Built on the grounds of a historical pulp mill, Kistefos today offers world-class architecture and art
Kistefos is one of Europe’s most important destinations for contemporary art. Built on the grounds of a historical pulp mill, Kistefos today offers world-class architecture, an Industrial Museum, two art galleries, and an impressive sculpture park in the scenic surroundings of Jevnaker north of Oslo.
Kistefos, as we know it today, was established in 1996 by businessman and art collector Christen Sveaas, grandson of Anders Sveaas who once established A/S Kistefos Træsliberi. The company produced wood pulp at the site from 1889 to the mid-1950s. The industrial heritage is preserved, creating a beautiful framework for the art.

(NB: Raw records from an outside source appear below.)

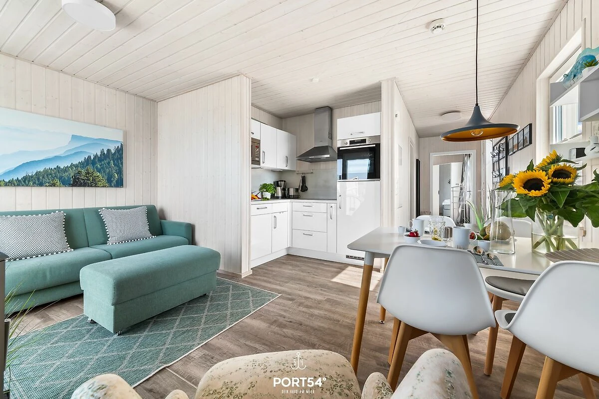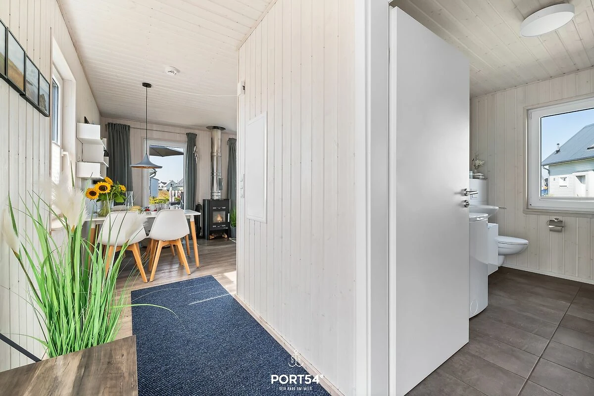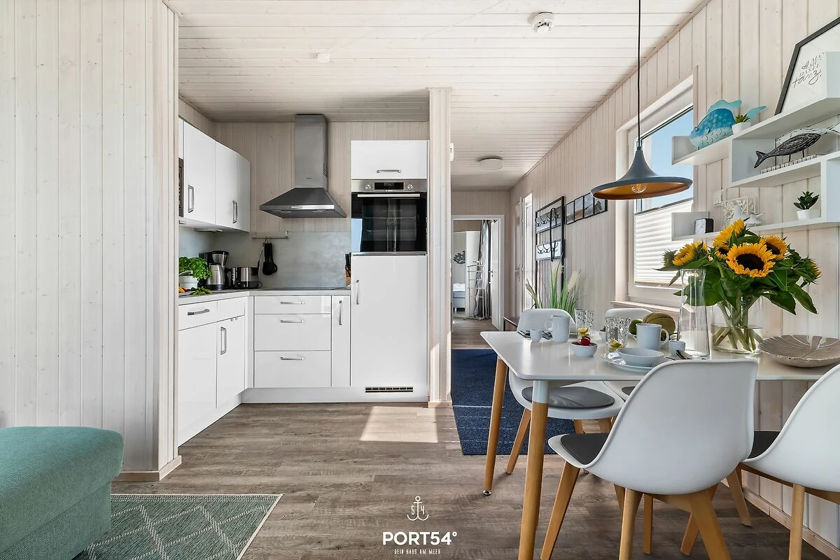 Herzlich Willkommen in Ihrem Ferienhaus "Nautilus" in Olpenitz. Ihr freistehendes, 50m² großes Haus besticht durch seine Lage im Grünen und der Nähe zur Ostsee. Ihr gemütlich eingerichtetes Feriendomizil verfügt über einen offenen Wohn- und Essbereich, ein Bad und ein Schlafzimmer. Genießen Sie die Abende im Wohnbereich vor dem Kamin mit einem guten Buch oder schauen Sie Ihre Lieblingsserie auf dem Flachbild-TV. Die Couch lässt sich zu einem Schlafsofa umfunktionieren (140x200cm) und bietet somit zwei Schlafplätze für Kinder. Die vollausgestattete Küchenecke lässt keine Wünsche offen. Hier können Sie sich und Ihre Familie kulinarisch verwöhnen. Das Schlafzimmer bietet ein gemütliches King-Size Boxspring-Doppelbett (200x200cm), einen Kleiderschrank, eine Kommode sowie einen Flachbild-TV. Die Fenster verfügen über eine Verdunkelungsmöglichkeit, somit steht einem erholsamen Schlaf nichts mehr im Wege. Im Bad erwartet Sie eine große ebenerdige Dusche, ein WC, ein Waschbecken, eine Waschmaschine und als Highlight, eine Infrarotkabine. Hier können Sie sich nach langen Strandspaziergängen aufwärmen und entspannen. Laue Sommerabende können Sie auf der nach Westen ausgerichteten, möblierten Terrasse genießen. Lassen Sie im Strandkorb einfach mal Ihre Seele baumeln. Ein Holzkohlegrill steht zur Verfügung, sodass Sie gern einen gemütlichen Grillabend ausrichten können. Für Ihre mitgebrachten oder beim Tourguide gemieteten Räder steht ein abschließbarer Schuppen zur Verfügung. Auch für Ihren PKW gibt es einen Parkplatz direkt vor dem Haus. Das Ferienhaus wird für 2 Erwachsene und 2 Kinder angeboten.
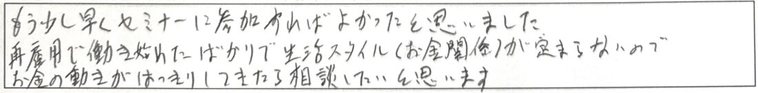 再雇用で働き始めたばかりで生活スタイル(お金関係)が定まらないのでお金の動きがはっきりしてきたら相談したいと思います。
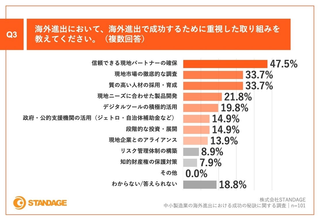 「Q3.海外進出において、海外進出で成功するために重視した取り組みを教えてください。(複数回答)」(n=101)と質問したところ、「信頼できる現地パートナーの確保」が47.5%、「現地市場の徹底的な調査」が33.7%、「質の高い人材の採用・育成」が33.7%という回答となりました。
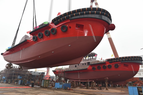2019年1月8日,我公司一天完成兩大生產(chǎn)節(jié)點。為天津港輪駁有限公司建造的2艘2354kW,符合智能機(jī)艙規(guī)范的智能型全回轉(zhuǎn)拖船順利吊裝下水;為韓國船東建造的4650DWT雜貨船上船臺。 |
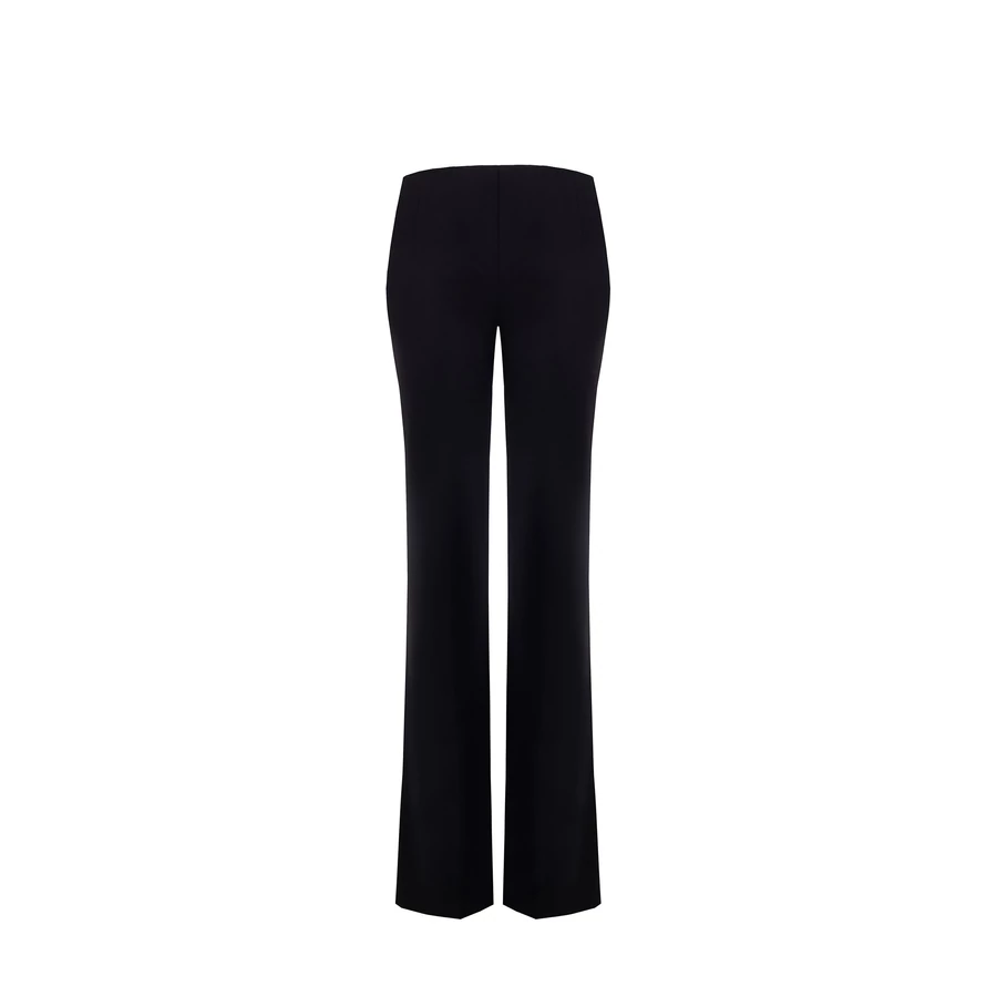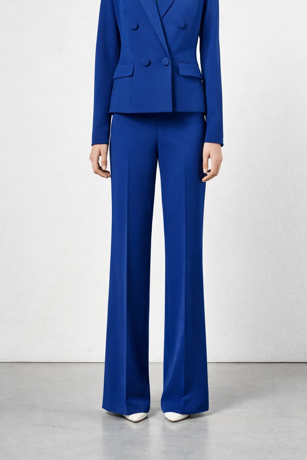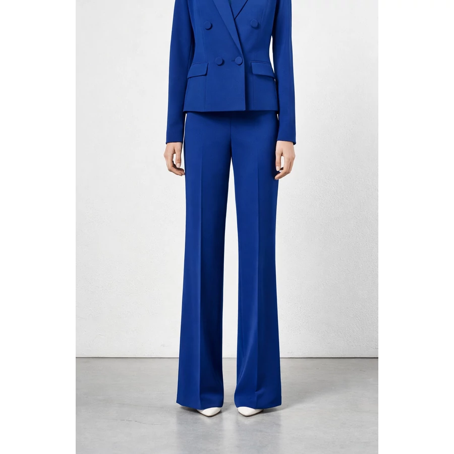 Elegáns söétkék női nadrág kosztümhatású szabással, amely letisztult vonalaival és kényelmes fazonjával ideális irodai és alkalmi viselethez. Időtálló darab, amely könnyen kombinálható blézerrel vagy felsőkkel.
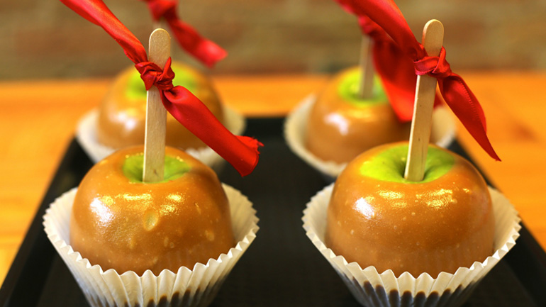 Járjunk a gyerekek kedvébe is a farsangi bulin: a KARAMELLÁBA MÁRTOTT ALMA garantált siker a kisebbek körében. Nyársakat szúrunk az almák közepébe, majd 2-3 dl mézet, 30-40 dkg cukrot és vajat 180 fokon 8-10 percig forraljuk. A tűzről levéve vaníliát keverünk hozzá, majd a pálcikák segítségével belemártogatjuk az almákat. Ezután akár színes cukrokban is megforgathatjuk a gyümölcsöket, végül állni hagyjuk, amíg a szósz meg nem szilárdul, ezután tálaljuk.
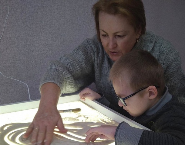 Удивительный мольберт, где вместо холста - стекло с подсветкой, а вместо красок - кучка светлого кварцевого песка, появился на дневном отделении Центра социального обслуживания в конце прошлого года. Свои «серебряные» сказки на нем рисуют детишки, которым недуг ограничил возможности рисовать вместе со сверстниками, петь вместе с ними веселые песенки и гонять мяч на лужайке дружной шумной ватагой.
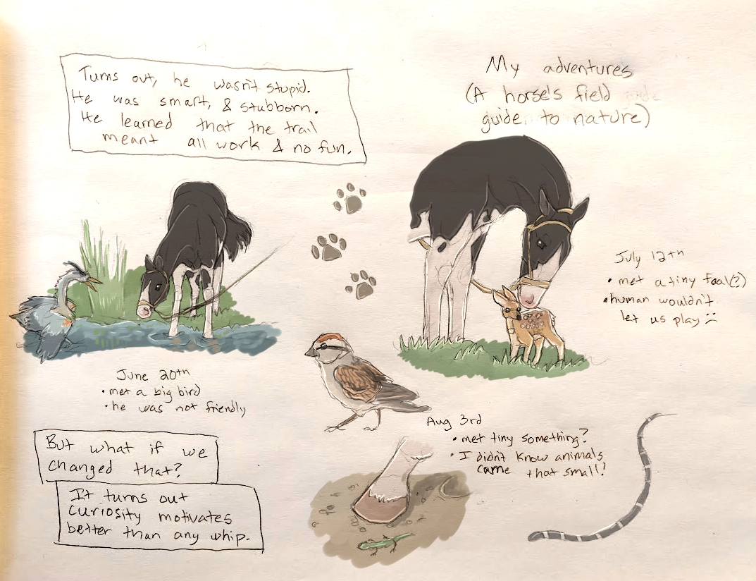This was a fun one to draw; and motivation here was more of a metaphorical sense. Instead of being incentivized by a treat or a scratch, 11084 really liked just discovering nature. He didn't get to do it much since his old owners would just push him forward along boring trails so he never got the chance to learn to like it. This was a nice bonus prompt, as it explored the horse's natures more, while my previous main phrase prompts moreseo explored the growth of the rider.
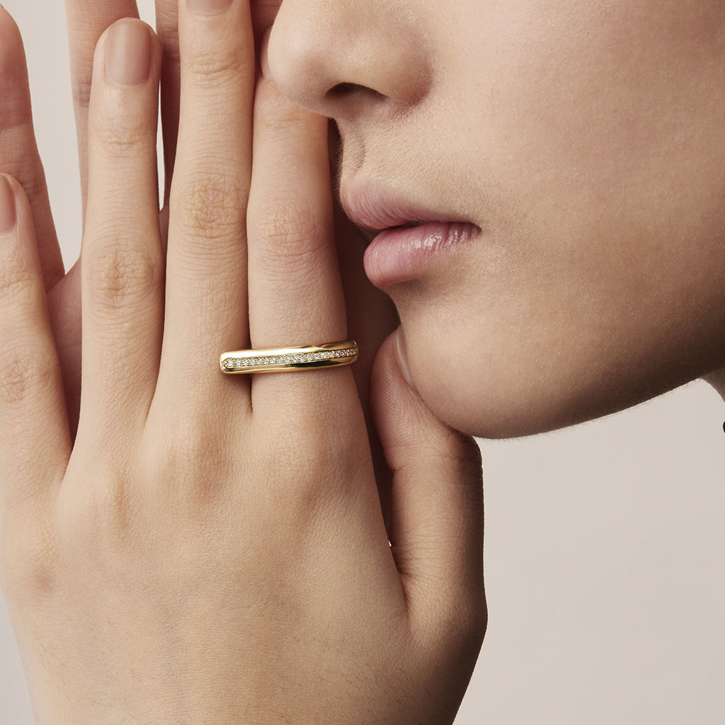 The subtle details of the LU Diamond Band mirror that of a drop of water. The comfort fit, the bold use of metal, and the simple execution make this a piece you want to wear everyday.

In 2019, the museum opened The Twist, an award-winning new gallery space designed by BIG – Bjarke Ingels Group. The Twist is a gallery, a bridge and a sculpture all in one — taking a sculptural form spanning the River Randselva and twisting at the mid-point. The Twist has won several prizes and nominations for its cutting edge design. The sculpture park expands with one or more sculptures each year and includes works by leading artists such as Yayoi Kusama, Tony Cragg, Fernando Botero, Oldenburg & Van Bruggen, Elmgreen & Dragset, Marc Quinn and Anish Kapoor. The unveiling of Pierre Huyghe’s If The Swamp will mark the 50th sculpture in the park.
Every year Kistefos presents new art exhibitions by highly recognised national and international artists in their two art galleries – The Twist and Nybruket Gallery. A site-specific new commission by French artist Pierre Huyghe will be unveiled on 12 June. Titled If The Swamp, the vast permanent work will be the artist’s largest site-specific work to date and the most ambitious to ever be conceived for Kistefos.
As the 50th artwork to be included in the park, If The Swamp will inaugurate a previously inaccessible area of the park extending the visitor landscape. The site for If The Swamp, chosen by the artist, is in a regularly flooded area of the park next to the working power plant, linking Kistefos’ industrial heritage with what it has become today.
Huyghe is known for his immersive artworks and continues to expand our notion of what sculptural art can be. Responding to Kistefos’ environment, If The Swamp is an entity, a milieu, both physical and digital, permeable, continuously shaped by the surrounding floodwaters and modified by what it perceives. The work is simultaneously an island and the possibility of what this island could be under alternate conditions of reality.
The forest’s entire site has been scanned, down to its details, and digitalised. In a simulated environment, unbound from physical limitations, algorithmic and biological agent intelligence cooperate. A fiction-based set of rules is played out by learning machines that continually generate mutations of existing features, such as trees, trash, animals, or humans. The mutations change behaviours in real-time according to external factors, accelerating their growth with the floodwater, and transforming over the years. At times they randomly exit the simulation to manifest themselves physically on the actual island. They sustain or decompose, modifying the island’s appearance and progressively contaminate the existing reality with another possibility of itself. At the far end of the forest stands a screen where an autonomous eye navigates the simulated environment, witnessing its ever-changing nature.